10. Two deeper crimson spots with white centres animate the colour of the lower petals in our mountain kind–mountain or morass;—it is vilely drawn in S. 997 under the name of Sylvatica, translated 'Procumbent'! As it is neither a wood flower nor a procumbent one,33 and as its rosy colour is rare among morass flowers, I shall call it simply Monacha Rosea.

I have not the smallest notion of the meaning of the following sentence in S.:—"Upper lip of corolla not rostrate, with the margin on each side furnished with a triangular tooth immediately below the apex, but without any tooth below the middle." Why, or when, a lip is rostrate, or has any 'tooth below the middle,' I do not know; but the upper petal of the corolla is here a very close gathered hood, with the style emergent downwards, and the stamens all hidden and close set within.

In this action of the upper petal, and curve of the style, the flower resembles the Labiates,34 and is the proper link between them and the Draconidæ.
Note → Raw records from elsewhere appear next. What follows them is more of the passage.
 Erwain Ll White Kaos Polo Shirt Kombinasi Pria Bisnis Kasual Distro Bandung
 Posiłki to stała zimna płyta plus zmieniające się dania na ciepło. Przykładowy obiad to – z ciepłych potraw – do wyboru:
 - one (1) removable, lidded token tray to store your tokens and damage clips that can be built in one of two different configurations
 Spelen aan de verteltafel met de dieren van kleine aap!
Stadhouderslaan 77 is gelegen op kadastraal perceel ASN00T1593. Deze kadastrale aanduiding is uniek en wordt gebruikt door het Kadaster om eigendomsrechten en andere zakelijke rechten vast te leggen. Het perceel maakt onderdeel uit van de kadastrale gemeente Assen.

The capsule is said by S. to be oval-ovoid. As eggs always are oval, I don't feel farther informed by the epithet. The capsule and seed both are of entirely indescribable shapes, with any number of sides—very foxglove-like, and inordinately large. The seeds of the entire family are 'ovoid-subtrigonous.'—S.

 

11. I find only two species given as British by S., namely, Sylvatica and Palustris; but I take first for the Regina, the beautiful Arctic species D. 1105, Flora Suecica, 555. Rose-coloured in the stem, pale pink in the flowers (corollæ pallide incarnatæ), the calices furry against the cold, whence the present ugly name, Hirsuta. Only on the highest crests of the Lapland Alps.
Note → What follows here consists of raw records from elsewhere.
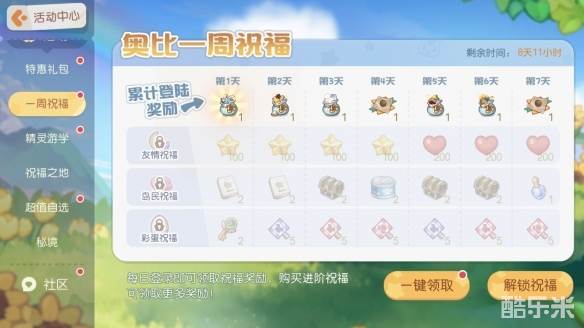 活动期间内,奥比们通过每日登录即可领取7日祝福奖励。购买进阶祝福(本次含:染色祝福/订单祝福/彩蛋祝福),还可获得对应祝福的更多奖励哟!
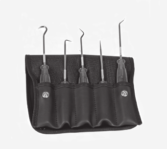 Voor demontage van afdichtingen. Bevat 5 speciale gereedschapjes met diverse haak-vormen.
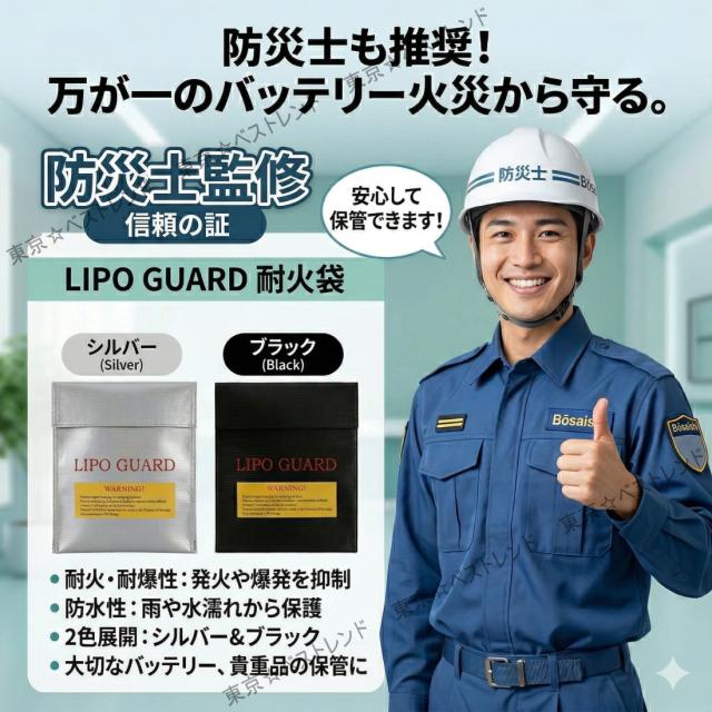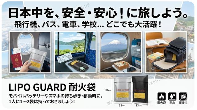 飛行機、新幹線、バス、学校など、人が集まる密室でのバッテリー持ち歩きは常にリスクが伴います。万が一カバンの中で発火しても、「TB-LIPOGUARD」に入れておけば被害を食い止められます。 周囲に迷惑をかけない、現代の「大人のマナー・安全装備」として、ご家族全員分(1人に1〜2袋)の所持を強くおすすめします。
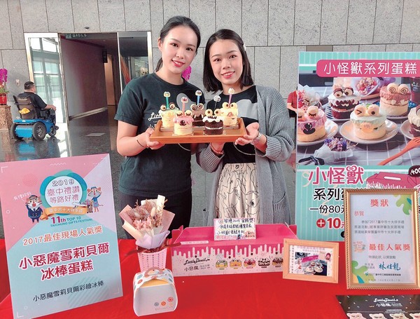▲ 陳汶萱與妹妹合影。小惡魔雪莉貝爾冰棒蛋糕獲得2017年最佳現場人氣獎。
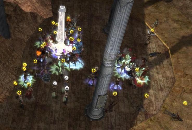 По счастливой случайности удар одного из наших мемберов ГИ был последним. И мы стали счастливыми обладателями колонны(аж на полчаса, ровно столько сколько понадобилось союзу ЭСПАДЫ вынести ее). Тут у нас попыточка защищитить колонну(тут где то на скрине есть моб 100-го лвла, которого хватило всей нашей ГИ). |
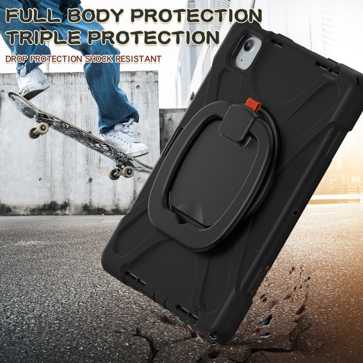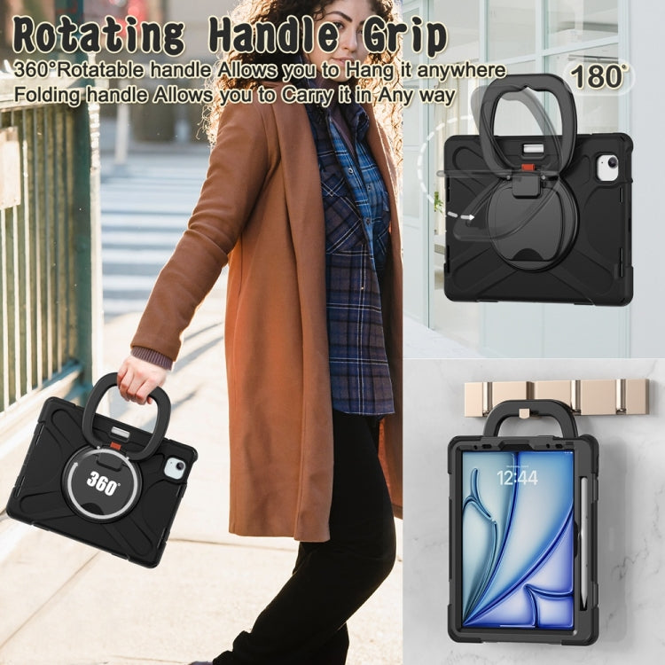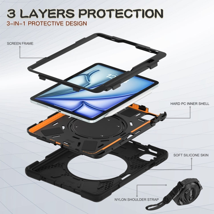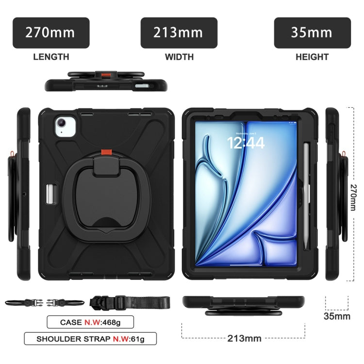 For iPad Air 11 2024 / Air 11 2025 Silicone Hybrid PC Tablet Case with Holder & Shoulder Strap(Black)
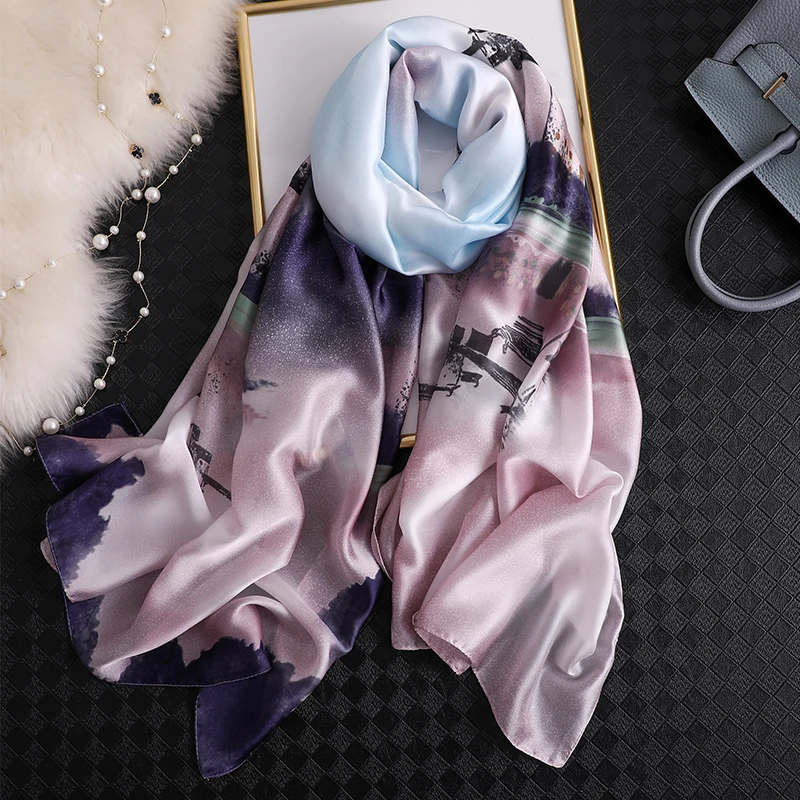 Роскошный брендовый шелковый шарф, Женские Простые шали и палантины...

(2) Rosea, D. 225, there called Sylvatica, as by S., presumably because "in pascuis subhumidis non raræ." Beautifully drawn, but, as I have described it, vigorously erect, and with no decumbency whatever in any part of it. Root branched, and enormous in proportion to plant, and I fancy therefore must be good for something if one knew it. But Gerarde, who calls the plant Red Rattle, (it having indeed much in common with the Yellow Rattle), says, "It groweth in moist and moorish meadows; the herbe is not only unprofitable, but likewise hurtful, and an infirmity of the meadows."

(3) Palustris, D. 2055, S. 996—scarcely any likeness between the plates. "Everywhere in the meadows," according to D. I leave the English name, Marsh Monacha, much doubting its being more marshy than others.

12. I take next (4 and 5) two northern species, Lapponica, D. 2, and Grönlandica, D. 1166; the first yellow, the second red, both beautiful. The Lap one has its divided leaves almost united into one lovely spear-shaped, single leaf. The Greenland one has its red hood much prolonged in front.

(6) Ramosa, also a Greenland species; yellow, very delicate and beautiful. Three stems from one root, but may be more or fewer, I suppose.

13. (7) Norvegica, a beautifully clustered golden flower, with thick stem. D. 30, the only locality given being the Dovrefeldt. "Alpina" and "Flammea" are the synonyms, but I do not know it on the Alps, and it is no more flame-coloured than a cowslip.

Both the Lapland and Norwegian flowers are drawn with their stems wavy, though upright—a rare and pretty habit of growth.

14. (8) Suecica, D. 26, named awkwardly Sceptrum Carolinum, in honour of Charles XII. It is the largest of all the species drawn in D., and contrasts strikingly with (4) and (5) in the strict uprightness of its stem. The corolla is closed at the extremity, which is red; the body of the flower pale yellow. Grows in marshy and shady woods, near Upsal. Linn., Flora Suecica, 553.

The many-lobed but united leaves, at the root five or six inches long, are irregularly beautiful.

15. These eight species are all I can specify, having no pictures of the others named by Loudon,—eleven, making nineteen altogether, and I wish I could find a twentieth and draw them all, but the reader may be well satisfied if he clearly know these eight. The group they form is an entirely distinct one, exactly intermediate between the Vestals and Draconids, and cannot be rightly attached to either; for it is Draconid in structure and affinity—Vestal in form—and I don't see how to get the connection of the three families rightly expressed without taking the Draconidæ out of the groups belonging to the dark Kora, and placing them next the Vestals, with the Monachæ between; for indeed Linaria and several other Draconid forms are entirely innocent and beautiful, and even the Foxglove never does any real mischief like hemlock, while decoratively it is one of the most precious of mountain flowers. I find myself also embarrassed by my name of Vestals, because of the masculine groups of Basil and Thymus, and I think it will be better to call them simply Menthæ, and to place them with the other cottage-garden plants not yet classed, taking the easily remembered names Mentha, Monacha, Draconida. This will leave me a blank seventh place among my twelve orders at p. 194, vol. i., which I think I shall fill by taking cyclamen and anagillis out of the Primulaceæ, and making a separate group of them. These retouchings and changes are inevitable in a work confessedly tentative and suggestive only; but in whatever state of imperfection I may be forced to leave 'Proserpina,' it will assuredly be found, up to the point reached, a better foundation for the knowledge of flowers in the minds of young people than any hitherto adopted system of nomenclature.

16. Taking then this re-arranged group, Mentha, Monacha, and Draconida, as a sufficiently natural and convenient one, I will briefly give the essentially botanical relations of the three families.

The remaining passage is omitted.